Systematik, Verbreitung und Gemeinschaftsstruktur von Harpacticoidengemeinschaften von Seebergen
Seeberge sind unterseeische Erhebungen meist vulkanischen Ursprungs, die sich aus der Tiefsee erheben und mindestens 1.000m Höhe erreichen. Über 100.000 Seeberge sind bisher weltweit in den Ozeanen registriert, die meisten von ihnen im Pazifik.

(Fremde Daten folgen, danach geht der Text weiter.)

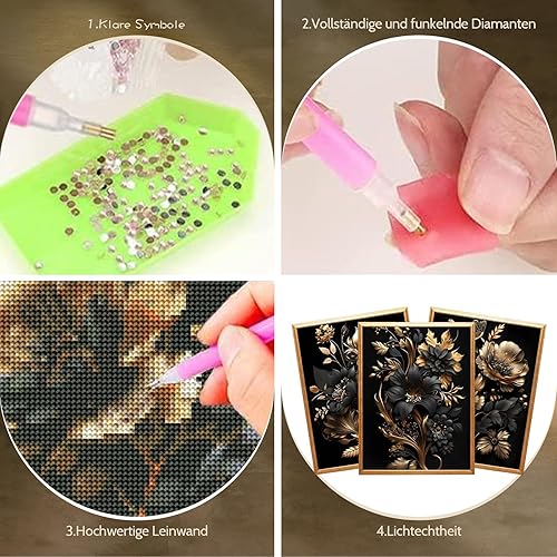 Lot de 3 fleurs de peinture diamant pour adultes, kit de peinture diamant pour adultes, peinture diamant pour bricolage, peinture diamant pour décoration de la maison, kit de peinture diamant DIY (30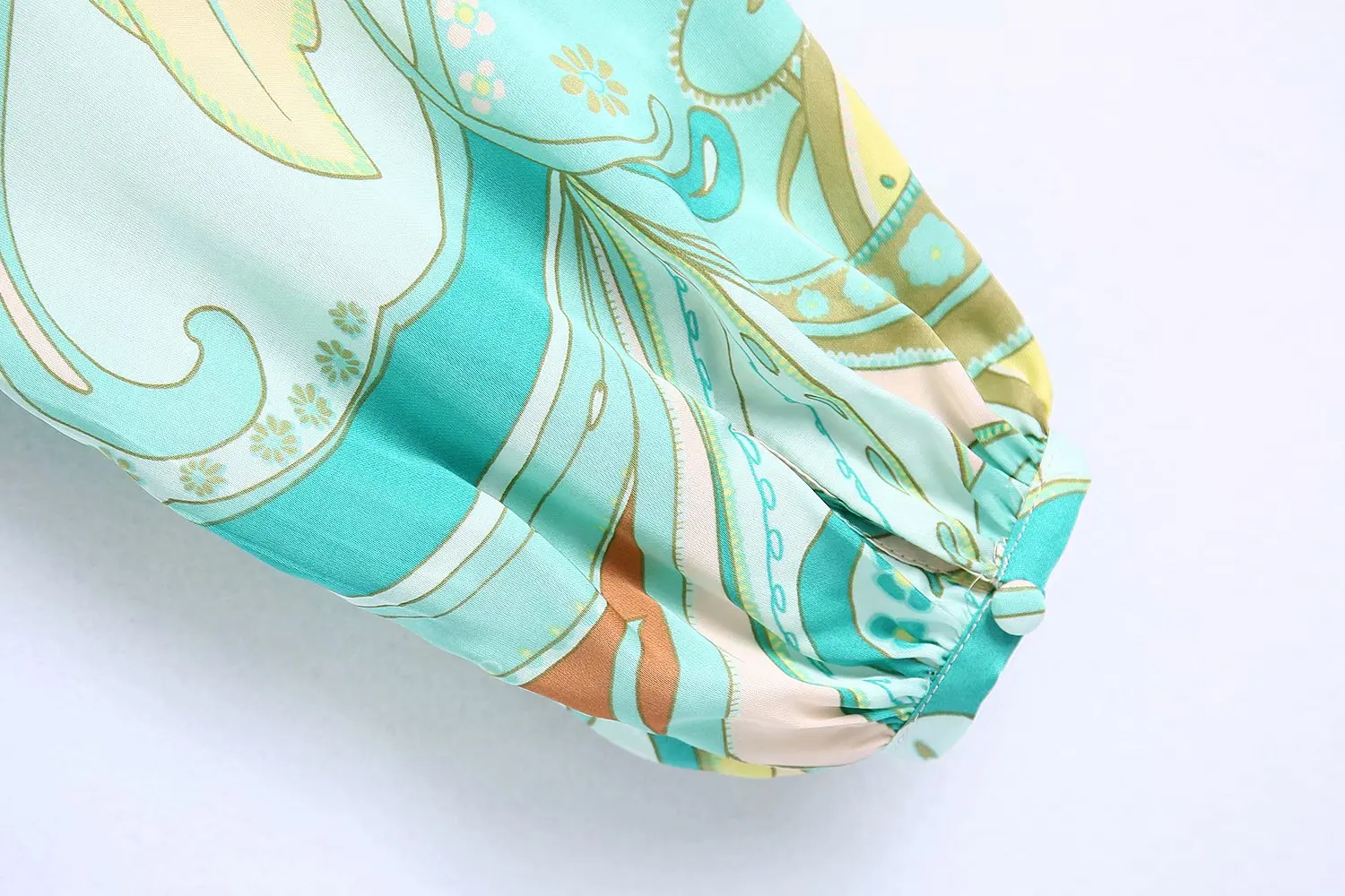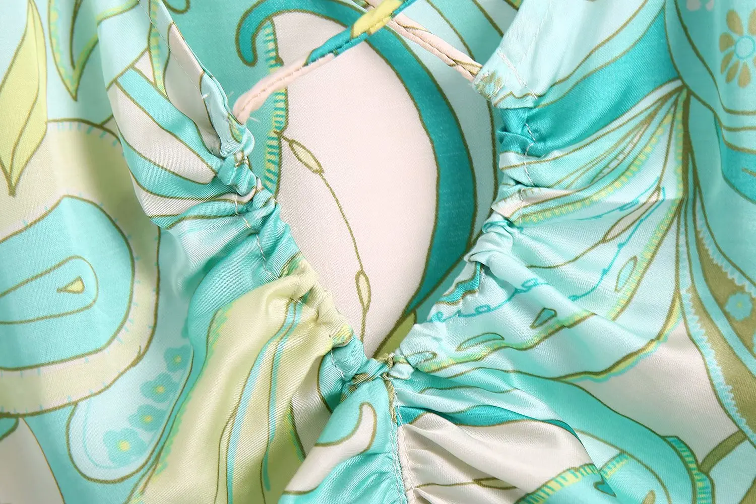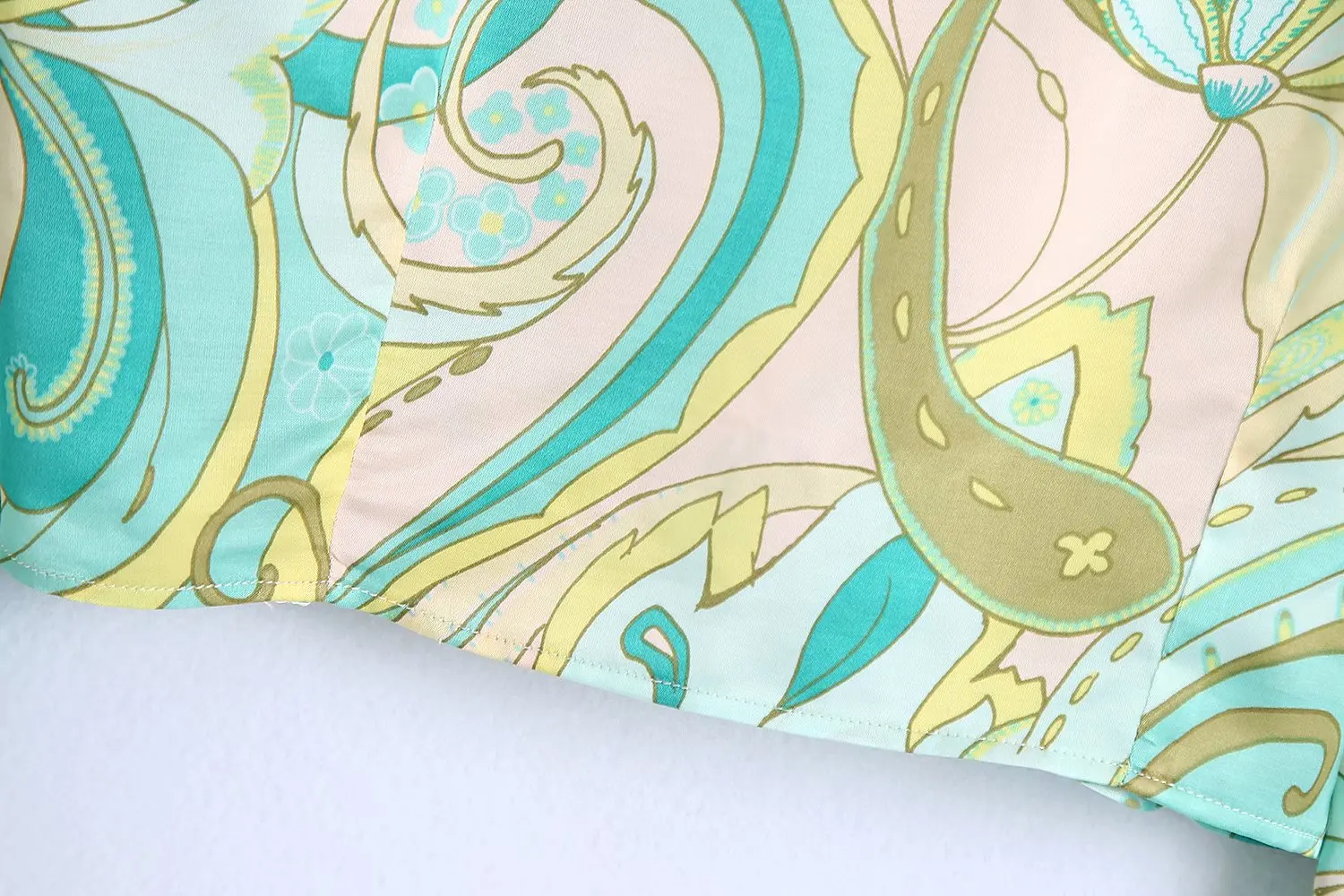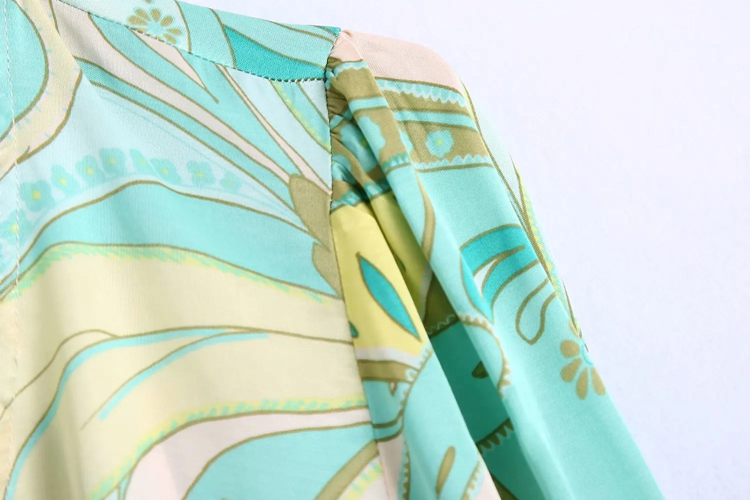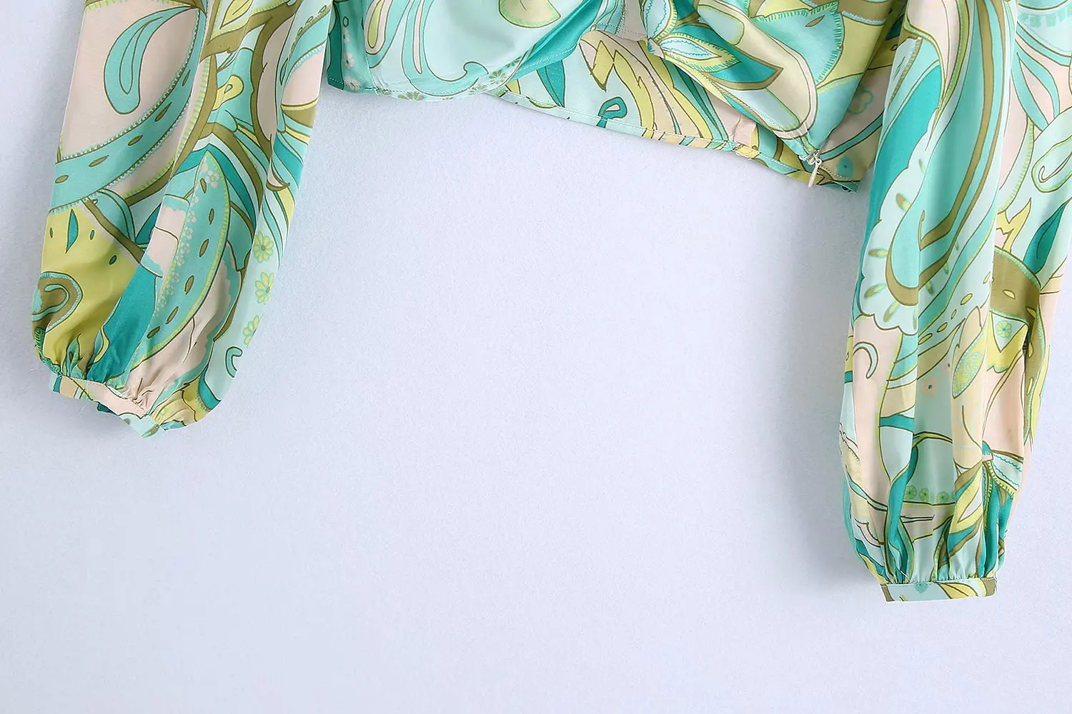 2021 New spring summer women dress Bohemian floral print cropped hollow design sexy navel short top long sleeve chiffon shirt

Seeberge tragen möglicherweise maßgeblich zur Verbreitung mariner Organismen bei, insbesondere von solchen, die an den Meeresboden flacher Meeresregionen (z.B. Schelfgebiete, Randmeere, Küsten) gebunden sind und für die die Tiefsee eigentlich eine Ausbreitungsbarriere darstellt. Für diese Flachwassertiere könnten Seeberge über entsprechende Zeiträume gewissermaßen als „Trittsteine“ („stepping stones“) eine Ausbreitung in den Ozeanen, über die Tiefseebarrieren hinweg dienen. Träfe diese Annahme zu, ließe sich das „Meiofauna-Paradoxon“ erklären, das ist die weite bis weltweite Verbreitung von Flachwasser-Meiofauna-Organismen, die selbst gar nicht in der Lage sind, die riesigen Tiefsee-Regionen zu überwinden.
Andererseits ist es denkbar, dass Seeberge aufgrund besonderer hydro- und topographischer Umstände als isolierte Gebilde regelrechte „Fallen“ („trapping stones“) für die sie besiedelnden Organismen darstellen. Eine Zu- oder Abwanderung von ihren Gipfeln ist dann über lange Zeiträume unmöglich. Dies kann zur Ausbildung einzigartiger Gemeinschaften führen, die durch einen hohen Anteil von endemischen, d.h. nur dort vorkommender Arten gekennzeichnet sind.
In meinen Untersuchungen geht es um die Fragen, woher die auf den Seebergkuppen lebenden Harpacticoida kommen: Sind es bekannte oder unbekannte Arten? Sind sie aus der Tiefe oder aus geographisch benachbarten Flachwasser-Regionen eingewandert, oder sind sie auf den Kuppen selbst evolviert und stammen von Vorfahren ab, die bereits Tausende oder gar Millionen Jahre zuvor einwanderten? Gibt es heute einen regelmäßigen bathymetrischen und/oder geographischen Austausch, oder handelt es sich bei der Kuppenfauna um einzigartige Gemeinschaften? In diesem Zusammenhang werden unbekannte Arten beschrieben und chorologische Vergleiche angestellt, die über Fragen zur Verbreitung der Arten Aufschluss geben.